Segment Open

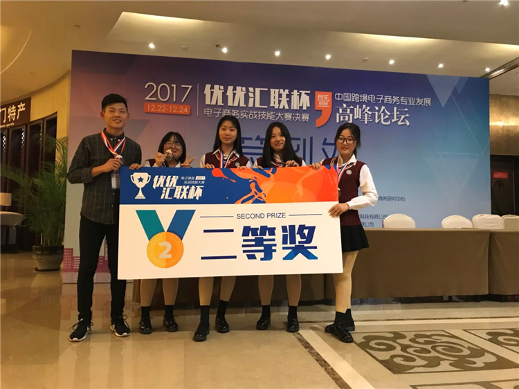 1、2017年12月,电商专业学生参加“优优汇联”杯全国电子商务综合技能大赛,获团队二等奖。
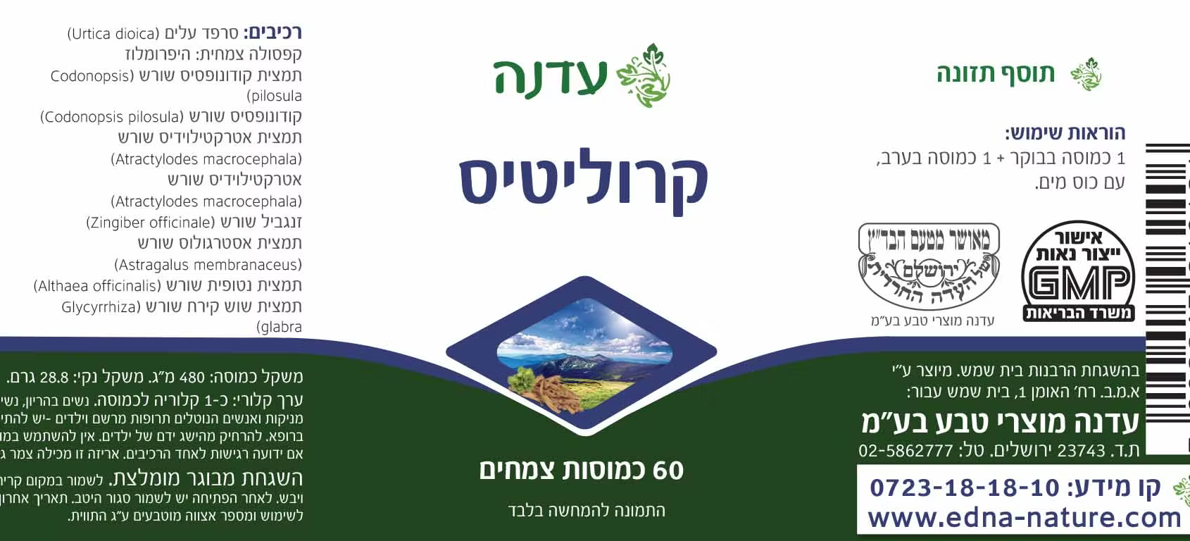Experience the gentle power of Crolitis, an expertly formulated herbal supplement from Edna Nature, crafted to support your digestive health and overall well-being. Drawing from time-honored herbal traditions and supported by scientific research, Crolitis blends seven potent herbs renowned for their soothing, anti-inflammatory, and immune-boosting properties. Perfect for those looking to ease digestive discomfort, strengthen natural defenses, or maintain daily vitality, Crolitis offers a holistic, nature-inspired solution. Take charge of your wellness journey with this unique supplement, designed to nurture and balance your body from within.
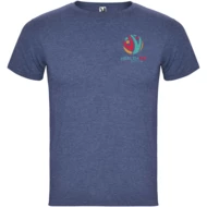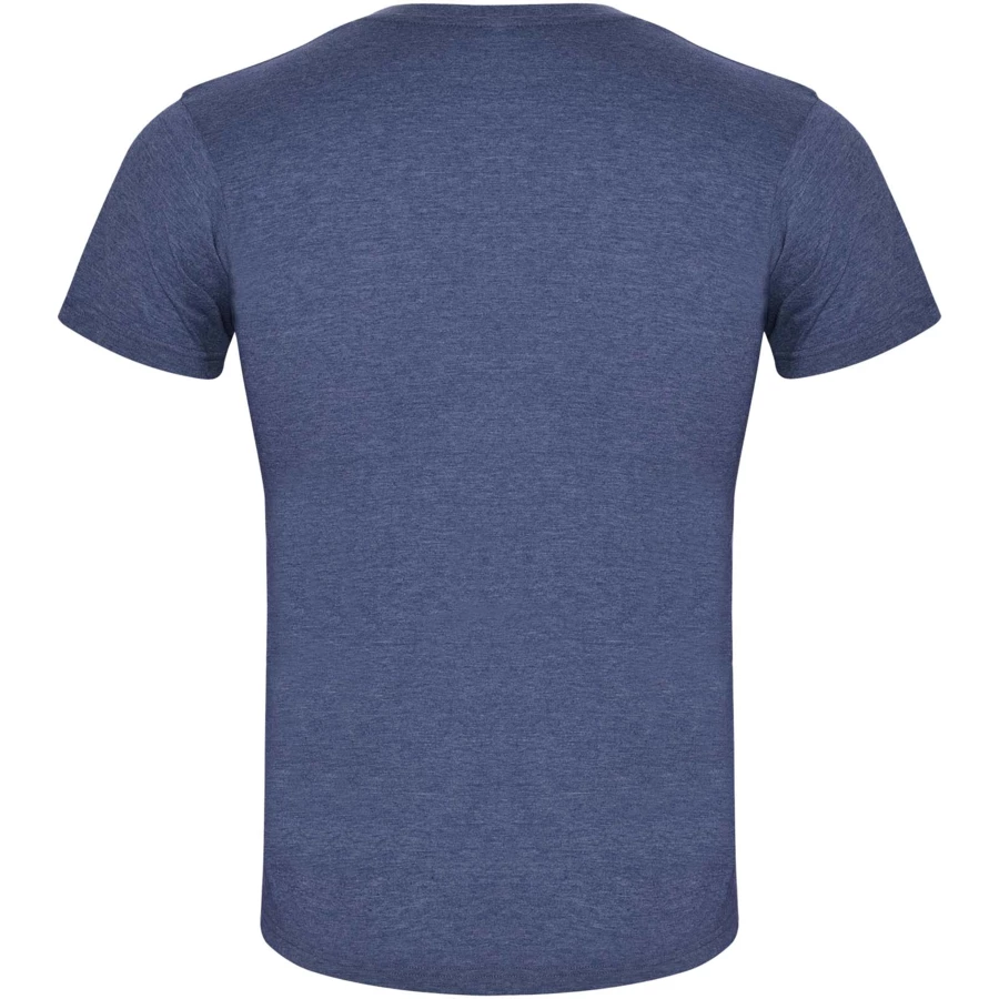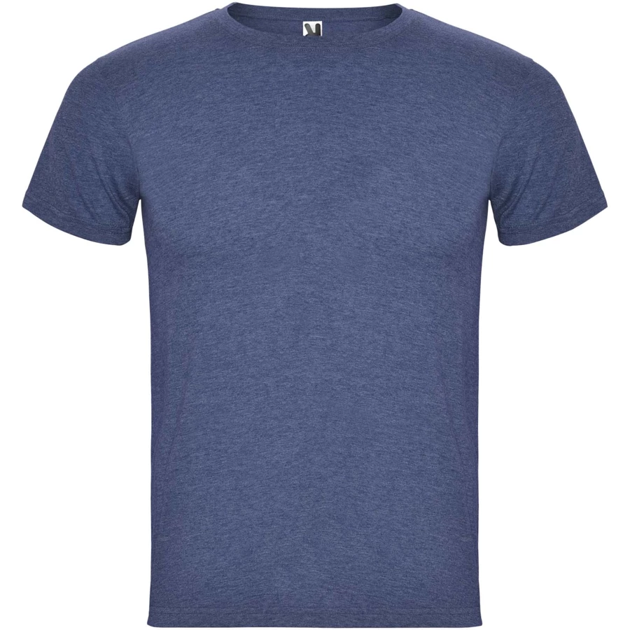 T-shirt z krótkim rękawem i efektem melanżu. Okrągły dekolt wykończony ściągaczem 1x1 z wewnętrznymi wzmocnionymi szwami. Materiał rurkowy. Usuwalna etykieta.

Segment Closed

Please print exactly the lines from the one holding "Experience the gentle" through the final line of the data above, including both, and skip all pictures.

Experience the gentle power of Crolitis, an expertly formulated herbal supplement from Edna Nature, crafted to support your digestive health and overall well-being. Drawing from time-honored herbal traditions and supported by scientific research, Crolitis blends seven potent herbs renowned for their soothing, anti-inflammatory, and immune-boosting properties. Perfect for those looking to ease digestive discomfort, strengthen natural defenses, or maintain daily vitality, Crolitis offers a holistic, nature-inspired solution. Take charge of your wellness journey with this unique supplement, designed to nurture and balance your body from within.
 T-shirt z krótkim rękawem i efektem melanżu. Okrągły dekolt wykończony ściągaczem 1x1 z wewnętrznymi wzmocnionymi szwami. Materiał rurkowy. Usuwalna etykieta.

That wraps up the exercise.